Yagazie Chukwumerije shed blood, sweat, and tears to win a bronze medal for Nigeria in the plus-80 kilogrammes men’s taekwondo event at the Beijing 2008 Olympics. At the London 2012 Olympic Games, he hopes to finally achieve his dream of becoming an Olympic champion.
In Beijing, not many gave the then 24-year-old Chukwumerije any chance of winning a medal, not even after he had emerged as Africa’s champion at the 2007 All Africa Games (AAG) in Algiers.
Chukwumerije lost narrowly to Alexandros Nikolaidis of Greece in the semi-finals in Beijing, before regaining his comportment and doing just enough to defeat Akmal Irgashev of Uzbekistan in the bronze medal match.
His next shot is, therefore, an Olympics gold medal in London.
“The All Africa Games is a special competition to me, perhaps not as much as the Olympics, for obvious reasons. It’s nice to have athletes from across Africa gathered in one place,” Chukwumerije said.
“The Olympics is a dream for me, and I toss in my bed at night just thinking about it, and considering I just completed my Masters degree programme in the UK, participating in the London Olympics will hold a special significance for me. I recognise this, and that is why I train so hard so I can earn the qualifying tickets yet again.”
The national camp
He isn’t looking forward to the intrigues and drama that usually precede the country’s preparations for major championships, but he looks forward to flying the green and white of Nigeria as high as he can.
“The lows for me are the training camps,” he disclosed. “There’s always constant bickering and politicking that can make one lose focus. Thus, I prepare more mentally for the national camps than I do for tournaments… this drains me,” he stressed, before adding: “Representing Nigeria will always be a high for me, and winning a medal makes it even more memorable, especially when you work so hard for it.”
Despite his family’s background – his father, Uche Chukwumerije, is currently a serving senator in the National Assembly – Chukwumerije has never undermined the importance of hard work and its relationship to success at all levels of life.
It was for this singular reason that in the months leading up to the Beijing 2008 Olympics, and with a ‘little’ help from his father who, like him and his siblings, holds a black belt in taekwondo, travelled overseas to prepare for the Games. This training tour took him to the United States of America, where he spent more than a month, and later on to England, Germany, and Taiwan.

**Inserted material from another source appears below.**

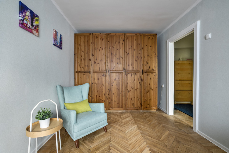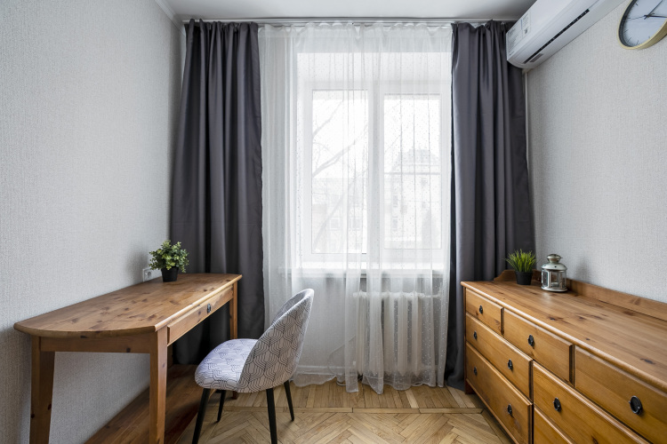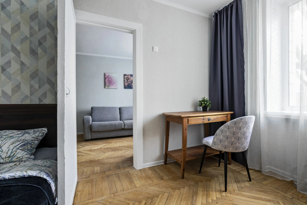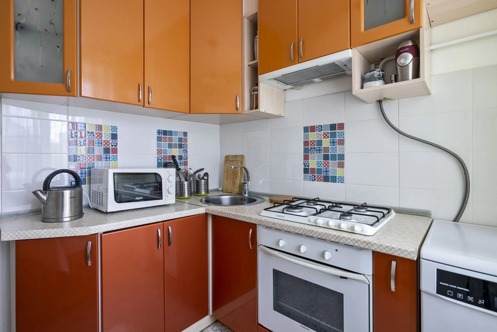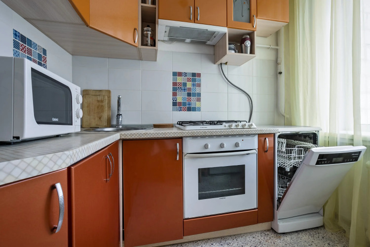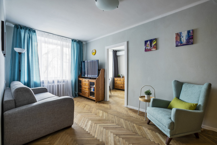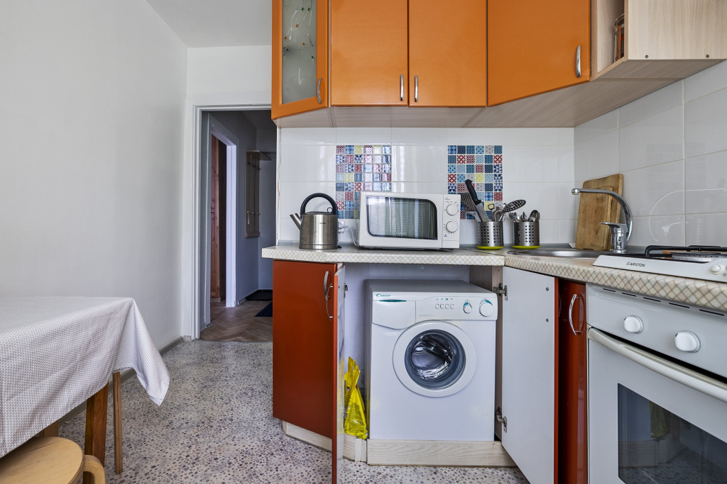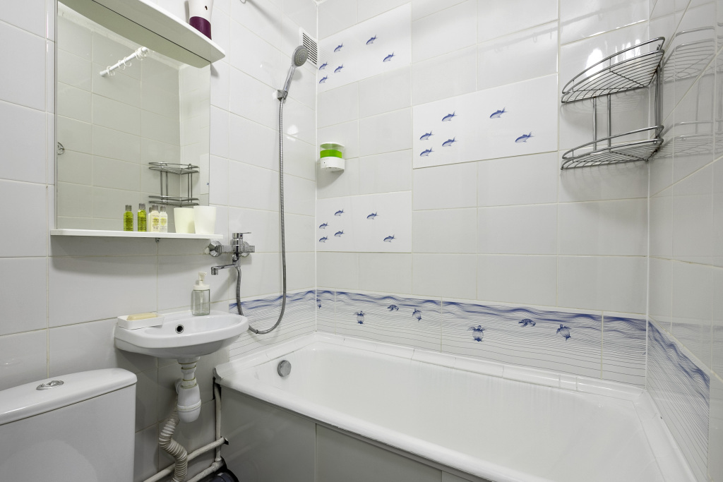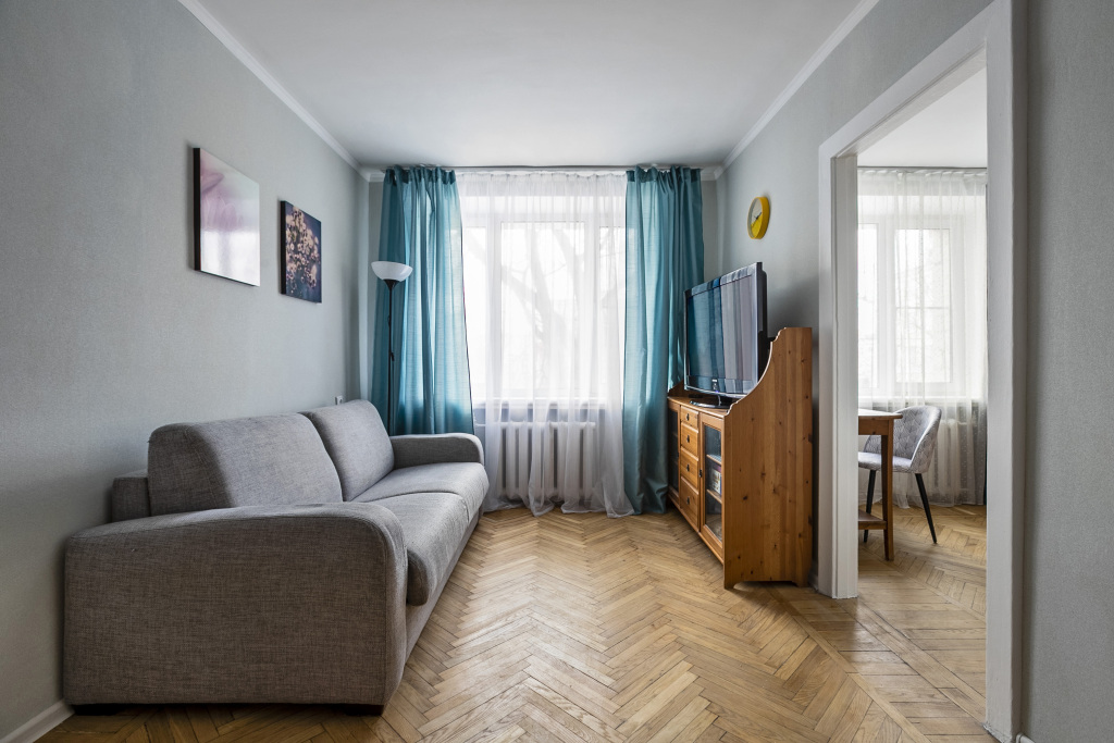 В квартире есть необходимое для размещения 4 гостей: Wi-Fi, ванна, стиральная машина, кондиционер, фен, утюг, электрический духовой шкаф, комплект посуды, двуспальная кровать, раскладной диван, телевизор.

But so much has changed in taekwondo in the few years that have passed since he won a medal on that fateful Saturday, August 23, in 2008. And Chukwumerije knows he has to practically repeat this process all over again if he is to excel in the sport he loves so much.
So what does he plan on doing?
“By starting from scratch all over again,” he says.
“The past is the past, and I have seriously forgotten about any achievements that have occurred. Things are changing… things have changed… and I must adapt to these changes. There are new rules in taekwondo, new competition equipment, different fighters currently in the circuit, etc. All these affect how I am training in South Korea.
His training programme is being funded by the Nigeria Olympic Committee, though he believes that the build-up could have been better with the help of corporate Nigeria.
“For the preparatory competitions I want to go for, I intend to reach out to the private enterprise. I need finance – simple. I have a track record that says, ‘I know what I am doing and I know what it takes to be successful’, and I hope that private enterprises will be willing to share this journey with me,” he said.
If he gets the much needed support from the private sector and goes ahead to make it to the Olympics, what attitude will he be taking to the event?
“Giving my best is more important, and it starts in the training phase. I try to give 100 percent at training sessions and get in the best possible shape,” he explained.
“Thus, I generally expect to do well when I go for tournaments. However, I do not go to tournaments over-confident I will win – that will be disrespecting my opponents. I go to tournaments
knowing I have the same chance of winning as any other athlete, and I do not shy away from taking the chance.”
The year was 2004, and the event took place in his current location – Germany.
“I got a kick to the mouth in the first 10 seconds of the fight, and the opponent was a red belt,” he recalled.
“My front three teeth wobbled, and I lost some blood. I continued the fight in fury and rage, but the national coach (Osita Egwim) threw in the towel because my rage only made me unfocused. I was so embarrassed, and to make matters worse, I wore braces for two weeks,” he exclaimed, before adding: “How can I ever forget that? But it humbled me. I had underestimated the opponent, and let my guard down. That was the very last time I ever underestimated anyone.”
Asked who his greatest adversary has been, the 28-year-old retorted: ”I really don’t see anyone as a great adversary. Every opponent is the same to me – they want to kick my ass, and I want to kick theirs. For me, it is as simple as that. Two people go into the ring, only one comes out victorious,” he said.
Hopefully, the one that will keep emerging victorious even right up to the final bout of the men’s plus-80 kg event of the London 2012 Olympics will be the dynamic Nigerian who began practising taekwondo at the age of four.